Menjaga Stabilitas Keamanan dan Kepastian Hukum
Menko Polkam Budi Gunawan menjelaskan, stabilitas keamanan dan kepastian hukum merupakan fondasi utama pembangunan ekonomi. Tanpa hal tersebut, kepercayaan investor akan terus tergerus.
Pemerintah memahami bahwa setiap ancaman terhadap ketertiban umum dan keamanan masyarakat harus segera ditangani secara proporsional dan sesuai hukum.
Keberadaan Satgas Terpadu diharapkan dapat memberikan rasa aman bagi para pelaku usaha, baik dalam negeri maupun asing, sehingga iklim investasi dapat terus membaik.
Kolaborasi Antar Kementerian dan Lembaga
Rapat koordinasi lintas kementerian dan lembaga telah dilaksanakan untuk memastikan efektifitas kerja Satgas Terpadu.
Kementerian dan lembaga yang terlibat dalam rapat tersebut antara lain Kementerian Sekretaris Negara, Kementerian Dalam Negeri, Kementerian Investasi dan Hilirisasi, Kementerian Hukum dan HAM, Kementerian Luar Negeri, Kementerian Ketenagakerjaan, Kementerian Perindustrian, Kementerian Koperasi dan UMKM, Kementerian Perdagangan, Kementerian ESDM, Kementerian BUMN, Kejaksaan Agung, TNI, Polri, Kantor Staf Kepresidenan, Kantor Komunikasi Kepresidenan, BIN, dan BSSN.

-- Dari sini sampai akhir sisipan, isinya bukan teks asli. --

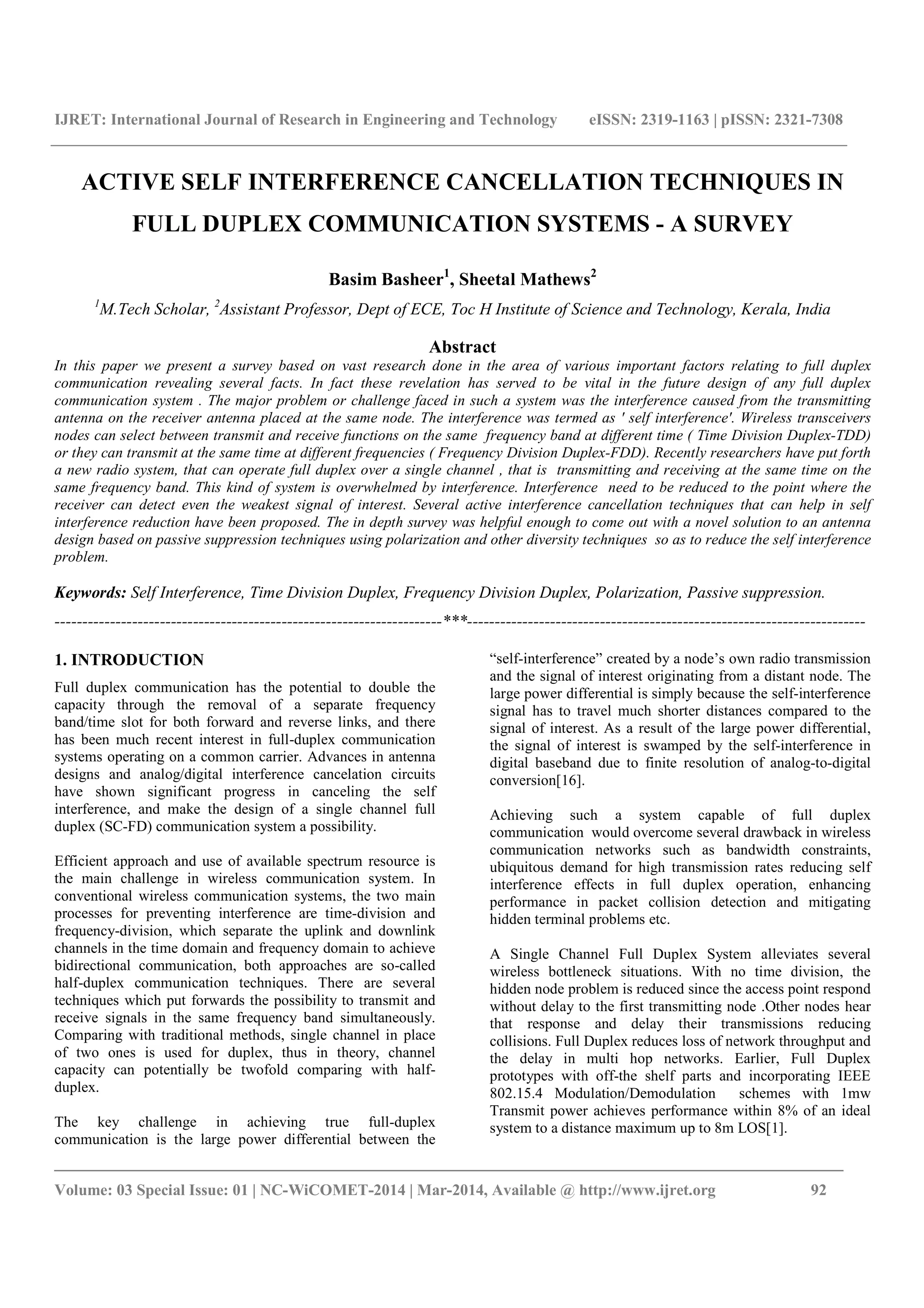 This paper surveys various active self-interference cancellation techniques in full duplex communication systems, which improve transmission efficiency by enabling simultaneous data transmission and reception on the same frequency band. The main challenge discussed is the interference caused by the transmitting antenna on the receiver antenna, referred to as 'self-interference.' Several proposed solutions include novel antenna designs and passive suppression techniques utilizing polarization and diversity to mitigate self-interference and enhance communication performance.

Kolaborasi ini menunjukkan komitmen pemerintah dalam menangani premanisme secara terintegrasi dan menyeluruh.
Koordinasi yang baik antar instansi menjadi kunci keberhasilan Satgas Terpadu dalam memberantas premanisme dan menciptakan iklim investasi yang sehat.

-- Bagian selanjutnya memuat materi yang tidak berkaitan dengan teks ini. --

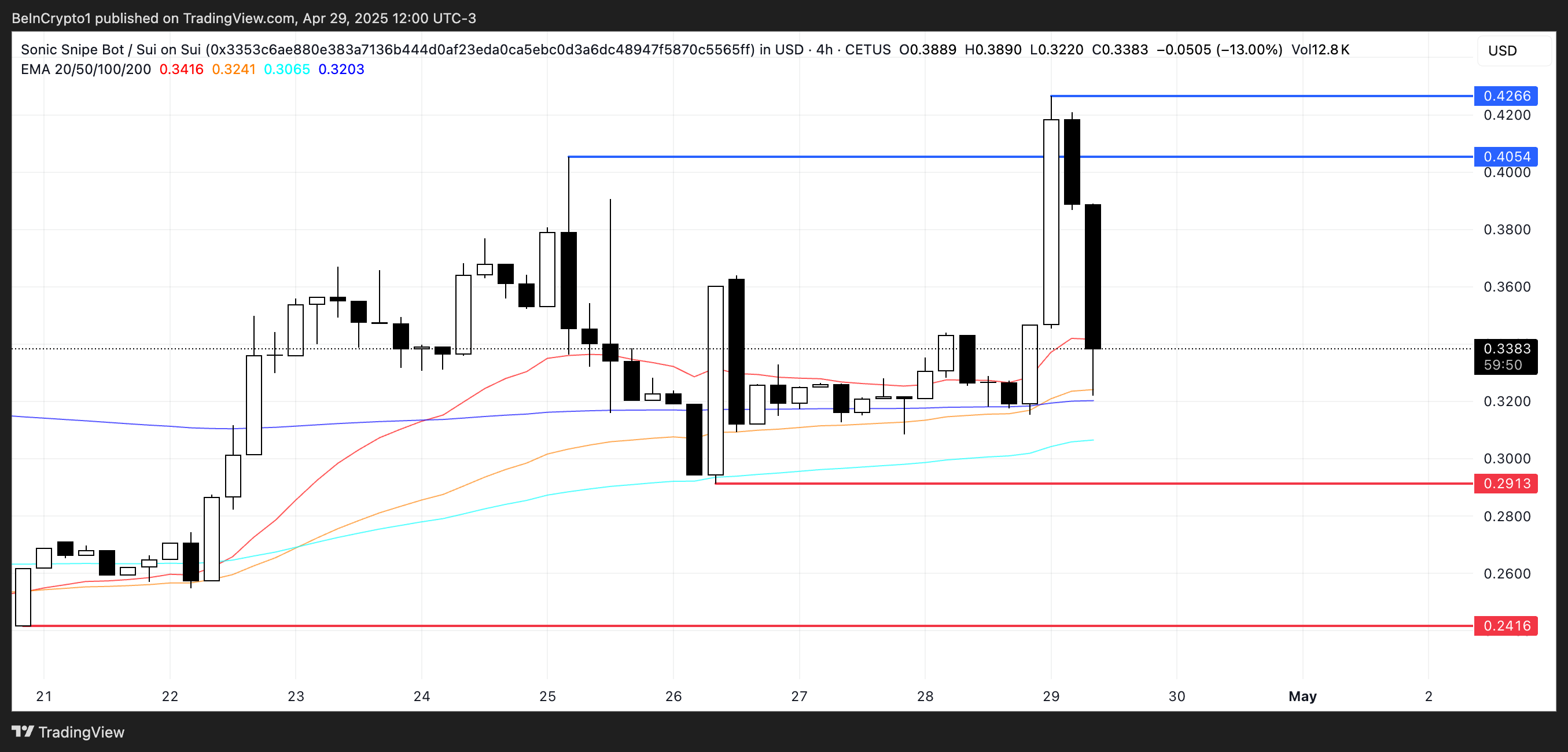 Nos últimos sete dias, a SONIC, o token nativo vinculado ao bot, subiu 27%, elevando seu valor de mercado para aproximadamente US$ 1,7 milhão. Se o impulso positivo continuar, a moeda pode ultrapassar a marca de US$ 0,40 e desafiar o nível de US$ 0,426.

Dengan adanya Satgas Terpadu ini, diharapkan Indonesia dapat menciptakan lingkungan usaha yang lebih aman dan menarik bagi investor, sehingga dapat mendorong pertumbuhan ekonomi nasional.
Keberhasilan Satgas Terpadu ini sangat bergantung pada sinergi yang kuat antar berbagai pihak, termasuk dukungan dari seluruh lapisan masyarakat.
Pemerintah berharap langkah tegas ini akan memberikan dampak positif terhadap iklim investasi dan perekonomian Indonesia secara keseluruhan. Ke depan, diharapkan akan tercipta lingkungan bisnis yang lebih aman dan tertib, sehingga dapat menarik lebih banyak investasi dan menciptakan lapangan kerja baru.